生存戦略☆生き抜けしばたちゃん

酔いどれ大天使しばたちゃんの自由帳

青い夢

忘れられない夢がいくつかある。

それらはたいてい恐ろしい夢で、私のトラウマや恐怖を象徴で置き換えた悪夢のミュージアムだが、最近見た一つの夢は、覚めることを拒絶したくなるほど美しい夢だった。

 

初夏、紫陽花が咲くころの、電車の中だった。
電車は住宅街、雑木林、小さなトンネルを颯爽と走り行き、最後は抜けるような青さの水面煌めく大河の上を走っていた。
鮮やかな車窓のあちら側とは異なり、車内は薄暗く、鬱蒼と茂った森のようでもあった。疎らな人影、赤黒いビロードの座席はいくつも空いていたが、私は車両の真ん中に立ち尽くしていた。

彼らが私に気づいたら、きっととても恐ろしいことが起こる、と思ったからだ。

座席に座る影たちは、常に揺らぐ真っ黒な陽炎、濃密な霧の塊をしていて、私の理解できない言語で何事か囁き合っていた。その話題は私に関するものではないことはわかる。

現在彼らが私に何もしてこないのは、私の存在が彼らはまだ悟られていないからだと直感していた。

初夏の鮮やかな景色。眩しい大河を切り取る車窓を横目に眺めながら、気づかれないように常に気を張り、息を詰め、次の駅で必ず降りようと心に決めた。緊張で息が苦しくなり、着ていた服の胸辺りをぎゅっと握った。

 

暗転。

 

気づくと、終着駅だった。

電車の中はがらんどう、窓ガラスは外側から何か衝撃を受けたあとのように車内に散らばり、少し身じろぎすれば怪我をしてしまいそうだった。陽炎たちは一匹たりとも居なくなっていた。

ふと足元を見ると、ミツマタの蛇が居た。
この世の光源の全てを吸収したかのような黒は、カミのようなものに映った。実際、私は蛇はじめ爬虫類の類に少しも愛らしさを見出せないが、夢に出てきた三つの頭を持つ蛇は、その漆黒さ故に傍にいるだけで不思議と心が安らいだ。

あのヒトモドキの陽炎などよりも、ずっと深い、すれ違わない同質の言語で対話ができる唯一の存在、という感じがした。

蛇が頭をもたげ、私に聞いた。

「本当にここで降りるのか」

実際は言葉ではなかった。意味として、意志として、蛇の問いが私の身体の中に抵抗なく入り優しく響いた感覚だった。

私も同様に送り返した。

「ありがとう。此処こそ、私の終着駅だ」

 

蛇が促すより先に振り替えれば、私の足元から車両の乗降口に向けて、散乱したガラスが除けられ歩ける一本の道ができていた。

私はためらわず、電車を降りた。
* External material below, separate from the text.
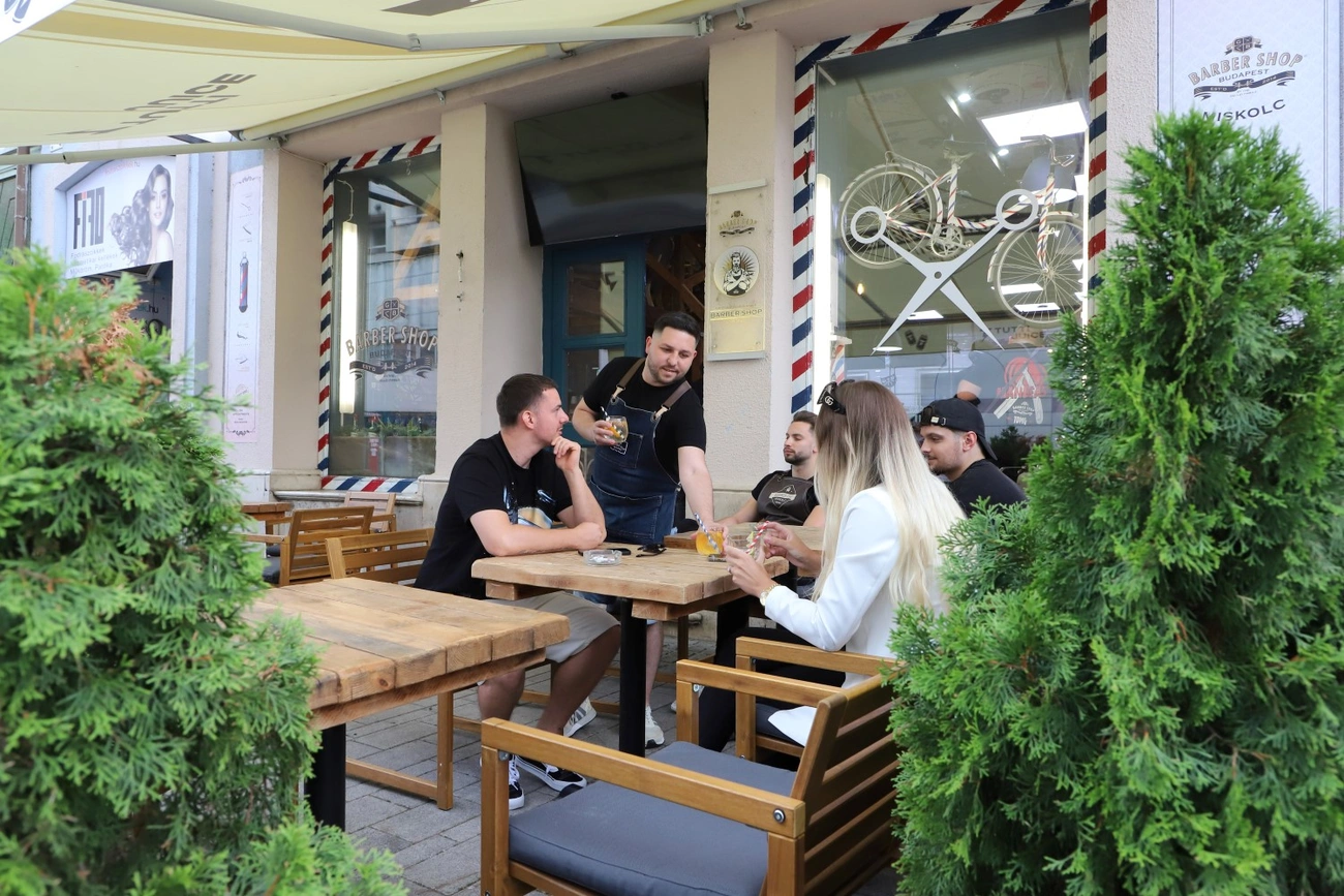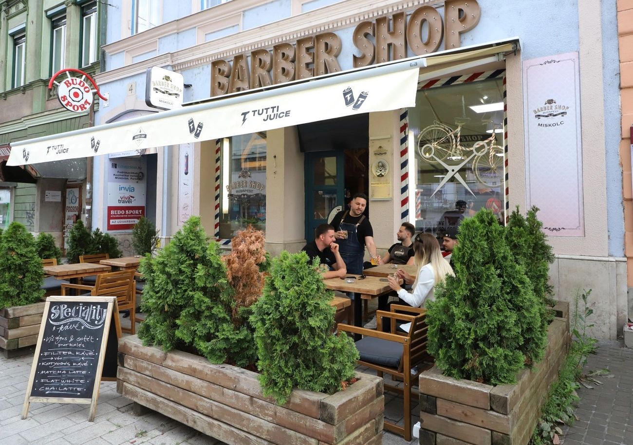 - A teraszbérleti díj elengedéséről még nem kaptam információkat, de ha konkretizálják és teljesíthetők a feltételek, akkor nyilván ösztönzőleg fog hatni, és mi is mögé állunk – fogalmazott a kérdés kapcsán Jantek Tamás, a Barber Shop Miskolc cégvezetője, aki azt tapasztalta, hogy a teraszzöldítést szeretik a vendégeik. - Egyre több, hajvágásra érkező vendégünk tér be hozzánk kávézni is vagy csak egy limonádéra. Az Európa-bajnokság kezdetével egy időben kihelyeztünk egy televíziót, ami mellé csapolt sört is értékesítünk, ahogy illik – fogalmaz Jantek Tamás, aki szerint a terasznak köszönhetően egyre inkább közösségi térré válik a szalon.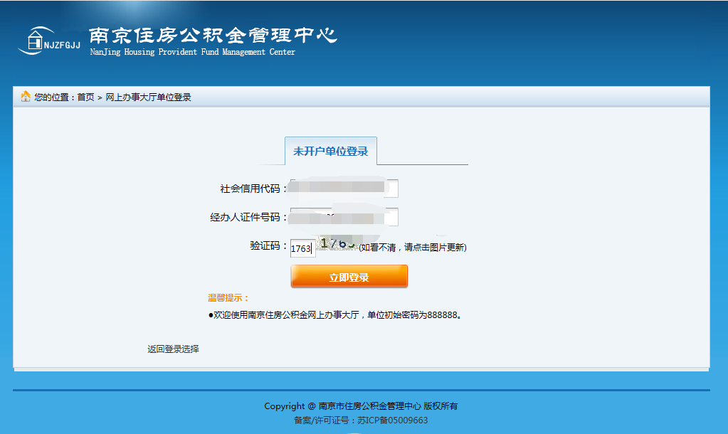 登录南京住房公积金网上办事大厅(←点击进入),选择单位账户设立,录入企业社会信用代码、经办人身份证号码和验证码后登录,点击单位公积金开户菜单,录入经办人姓名,选择证件类型后提交,系统自动生成二维码。

二度と帰れないが、二度と帰る気は無かった。

 

終着駅は無人駅で、車両の端から先は線路も何も続いていない。
水無月の、清流がそのまま空気に溶け込んだような微かなときめきを感じる神秘的な空気が、小さく古い無人駅には満ちていた。

青いベンチと、二度と動くことは無いであろう錆の浮いた車両、木製の屋根。きっと外にはヒトも蛇も、私以外の生き物はひとつも居なくて、ただ青い田園風景と空が広がり、紫陽花が咲いているのだろうと思った。

 

 

そしてここで、目が覚めた。

今回想しても、うっとりするような私のための天国のような夢だった。
これを読んでいるあなたには、何か忘れられない夢はあるだろうか。

書き出してみると、自分の根底の欲望、本当に望ましい生が垣間見えておもしろいので、ぜひ文章にしてみてほしい。

 

 

 

ちなみに、私がこれを書こうと思ったのは精神安定のためだ。
色々な楽しい予定があって、8/17まで死ぬわけにはいかないので、今朝見た悪夢を払拭したかったのだ。

最近常に身体がだるく、パニック発作も起こりやすいため苦労しているので今日は昼過ぎまで寝ているつもりだったのだが、はっと目が覚めるといつか飲んだ大量の錠剤が枕元におびただしい数散乱していて、知らぬ間にすべて飲んでしまったのかと驚き震えが収まらなかった。

実際、それは夢であったわけだが、怯えたのちに枕元の幻覚の薬を漁り、「次の通院の日までの眠剤があるから大丈夫か」と安心した自分が居たことが崩壊のはじまりのようで一番恐ろしかった。